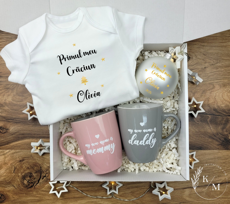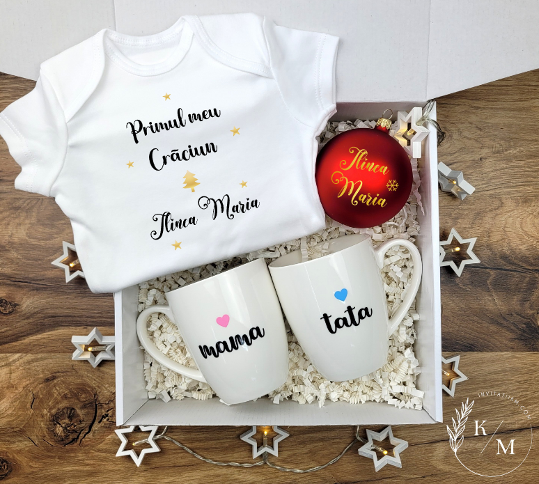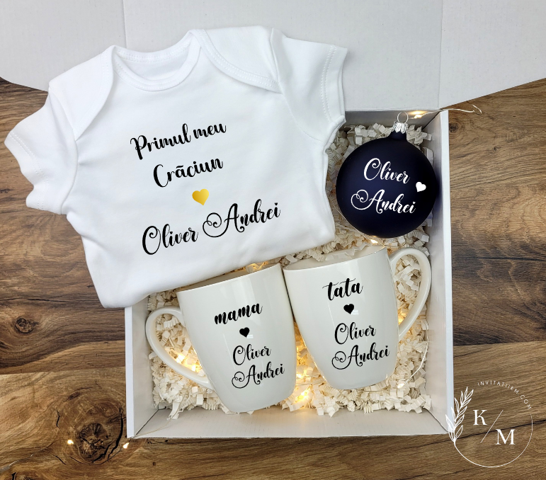 Cutia conține produse utile și simbolice: un body moale din bumbac personalizat cu numele bebelușului, două căni pentru părinți, un glob delicat din sticlă și o cutie decorată manual, completată cu fundiță și umplutură decorativă. Globurile și cănile sunt ambalate și în folie cu bule, pentru extra protecție.
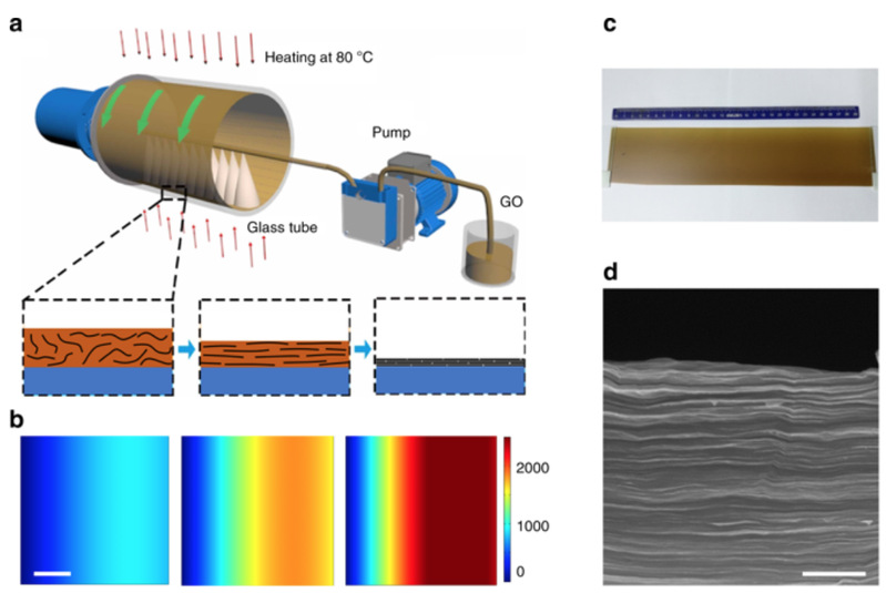 其次,针对石墨烯难以大规模有效定向与致密组装问题,钟晶课题组与中科院金属研究所先进碳材料部合作,利用流体力学的基本原理,首次提出利用离心浇铸法在旋转过程中产生的离心力与剪切应力实现二维材料的高效大规模的高度定向及致密组装,实现了对石墨烯薄膜、石墨烯复合材料、氮化硼薄膜、二硫化钼薄膜以及异质结的高效制备,并展现出极为优越的性能。该研究成果发表在国际著名期刊《Nature Communications》上。
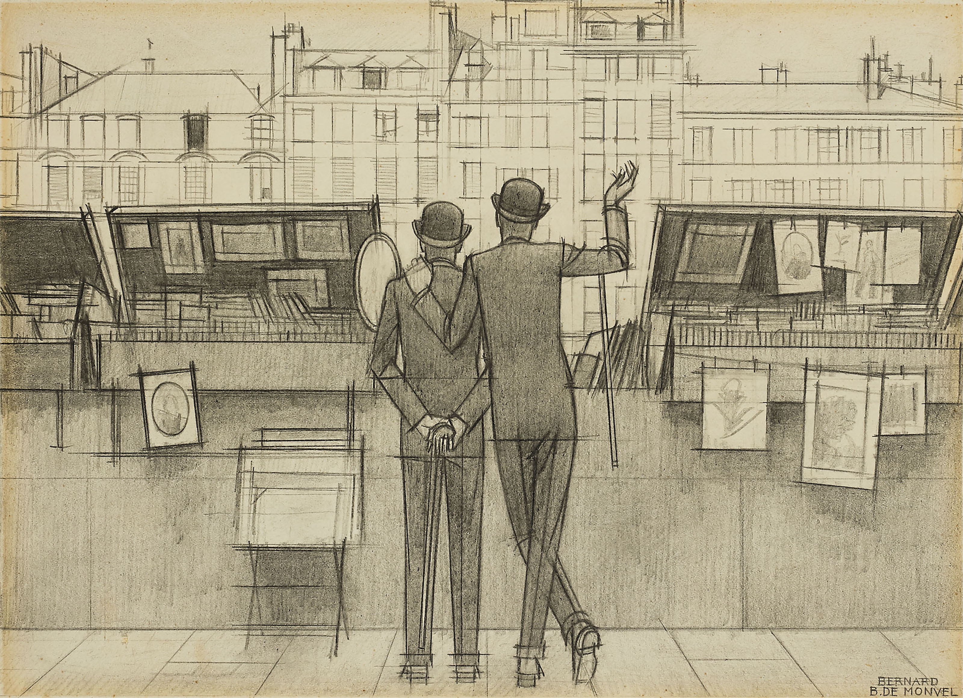 | Bernard et Roger Boutet de Monvel devant les bouquinistes à Paris | |
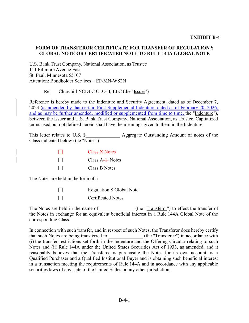 EXHIBIT B-4 FORM OF TRANSFEROR CERTIFICATE FOR TRANSFER OF REGULATION S GLOBAL NOTE OR CERTIFICATED NOTE TO RULE 144A GLOBAL NOTE U.S. Bank Trust Company, National Association, as Trustee 111 Fillmore Avenue East St. Paul, Minnesota 55107 Attention: Bondholder Services – EP-MN-WS2N Re: Churchill NCDLC CLO-II, LLC (the "Issuer") Reference is hereby made to the Indenture and Security Agreement, dated as of December 7, 2023 (as amended by that certain First Supplemental Indenture, dated as of February 20, 2026, and as may be further amended, modified or supplemented from time to time, the "Indenture"), between the Issuer and U.S. Bank Trust Company, National Association, as Trustee. Capitalized terms used but not defined herein shall have the meanings given to them in the Indenture. This letter relates to U.S. $______________ Aggregate Outstanding Amount of notes of the Class indicated below (the "Notes"): Class X Notes Class A-1 Notes Class B Notes The Notes are held in the form of a Regulation S Global Note Certificated Notes The Notes are held in the name of ______________ (the "Transferor") to effect the transfer of the Notes in exchange for an equivalent beneficial interest in a Rule 144A Global Note of the corresponding Class. In connection with such transfer, and in respect of such Notes, the Transferor does hereby certify that such Notes are being transferred to ______________ (the "Transferee") in accordance with (i) the transfer restrictions set forth in the Indenture and the Offering Circular relating to such Notes and (ii) Rule 144A under the United States Securities Act of 1933, as amended, and it reasonably believes that the Transferee is purchasing the Notes for its own account, is a Qualified Purchaser and a Qualified Institutional Buyer and is obtaining such beneficial interest in a transaction meeting the requirements of Rule 144A and in accordance with any applicable securities laws of any state of the United States or any other jurisdiction. B-4-1
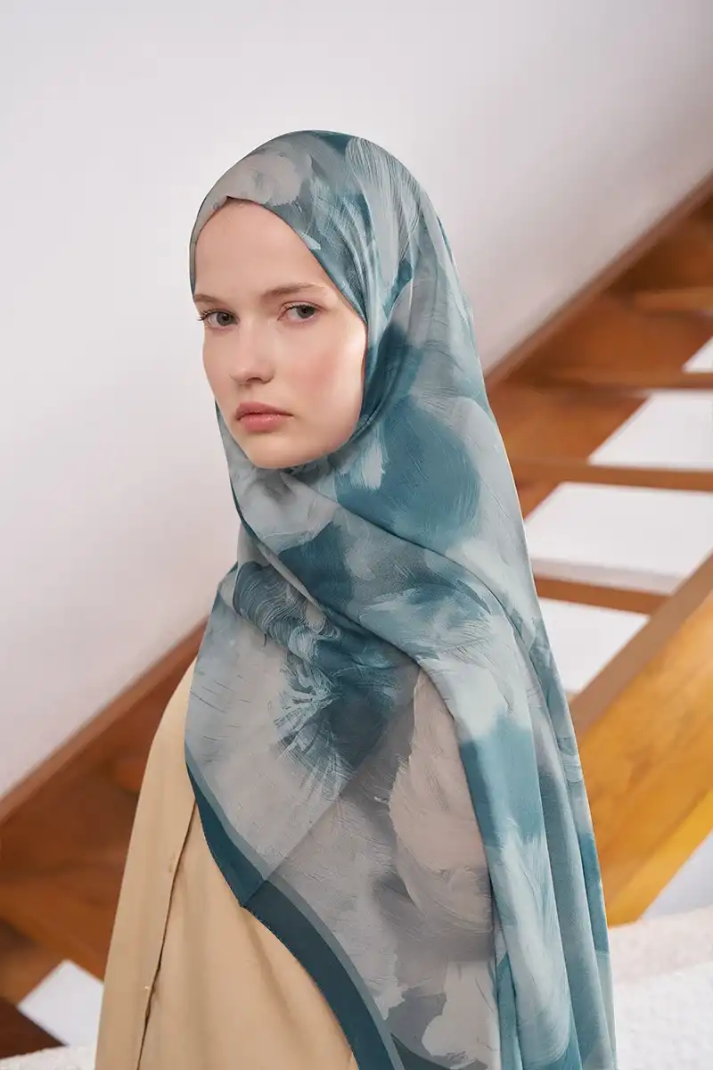 Fransız İpeği Ahenk Desen Şal - Petrol
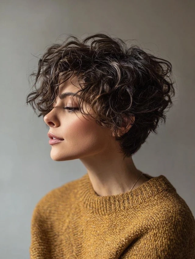 Curly pixie cuts combine short, structured layers with natural curl texture. They create a bold, playful silhouette while keeping maintenance low. The crown gets volume, curls frame the face, and the ends stay light and airy. This haircut works for women who want personality without long styling routines. It suits oval, round, and heart-shaped faces. Curly pixies can be messy, polished, or tousled, all looking intentional. Their versatility and modern charm explain why this cut continues to grow in popularity.
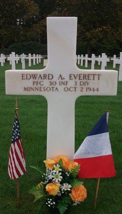 Pfc Edward A. Everett graduated from Carlton High School before he joined the National Guard at Fort Snelling, Minnesota on 3 August 1942.He was killed by small arms fire.
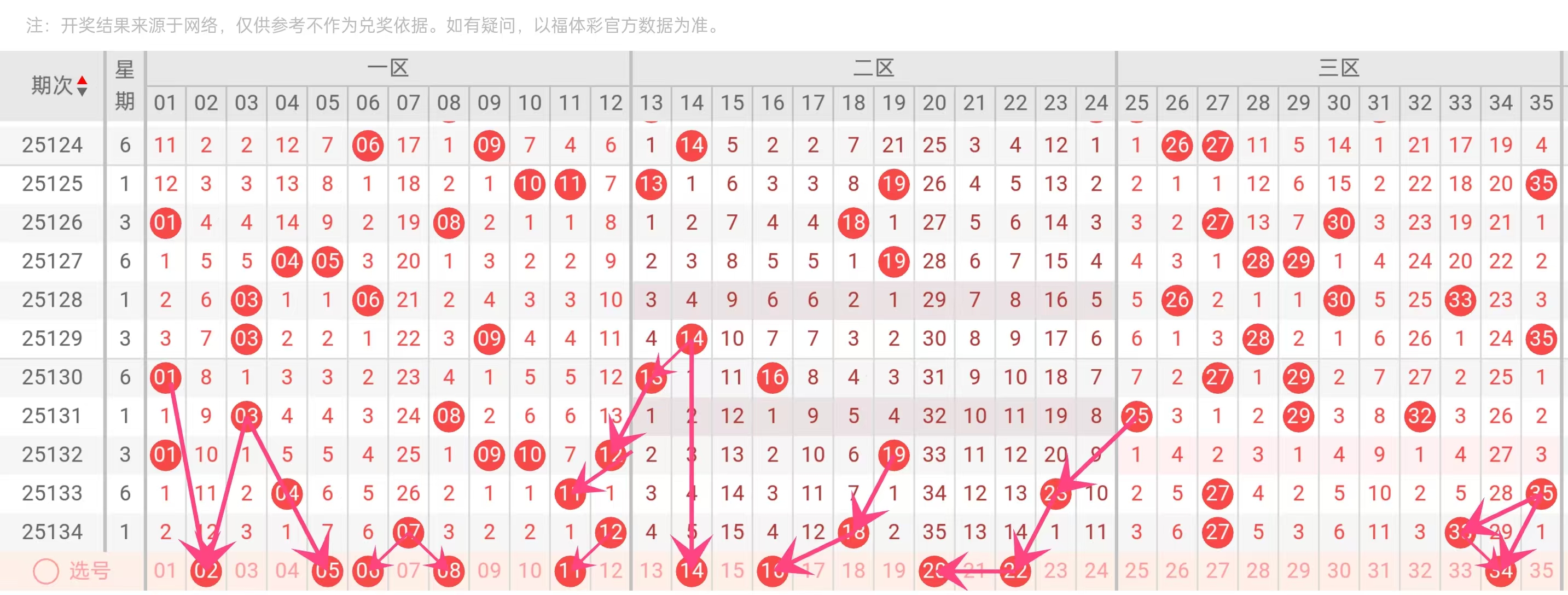 区间分布优化:前区1-35可分为五个区间(1-7、8-14、15-21、22-28、29-35)。近5期区间出号不均,1-7区间出现5次,但主要集中在01、03、04、07,因此选02、05、06弥补冷号;8-14区间出现7次,但12已杀,选08、11、14覆盖温冷号;15-21区间出现4次,选16、20平衡大小;22-28区间出现6次,但27已杀,选22作为冷号;29-35区间出现5次,但29、35已杀,选34作为冷号。这样确保各区间有号码覆盖,避免断层。
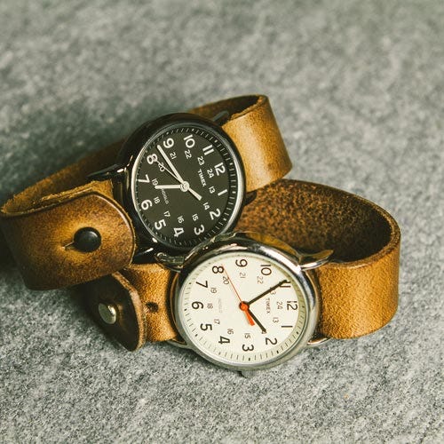 This watch pairs the elegant simplicity of Timex with legendary Horween leather straps. It was named one of Esquire’s Best Accessories for Men in 2012. This is the perfect everyday watch.

◆ ◆ ◆ ◆ ◆

*EXERCISE*: What you should repeat exactly is the run of lines from the top of the listing above through the line with "其次,针对石墨烯难以大规模有", without pictures.

*ANSWER TO THE EXERCISE*:
 Cutia conține produse utile și simbolice: un body moale din bumbac personalizat cu numele bebelușului, două căni pentru părinți, un glob delicat din sticlă și o cutie decorată manual, completată cu fundiță și umplutură decorativă. Globurile și cănile sunt ambalate și în folie cu bule, pentru extra protecție.
 其次,针对石墨烯难以大规模有效定向与致密组装问题,钟晶课题组与中科院金属研究所先进碳材料部合作,利用流体力学的基本原理,首次提出利用离心浇铸法在旋转过程中产生的离心力与剪切应力实现二维材料的高效大规模的高度定向及致密组装,实现了对石墨烯薄膜、石墨烯复合材料、氮化硼薄膜、二硫化钼薄膜以及异质结的高效制备,并展现出极为优越的性能。该研究成果发表在国际著名期刊《Nature Communications》上。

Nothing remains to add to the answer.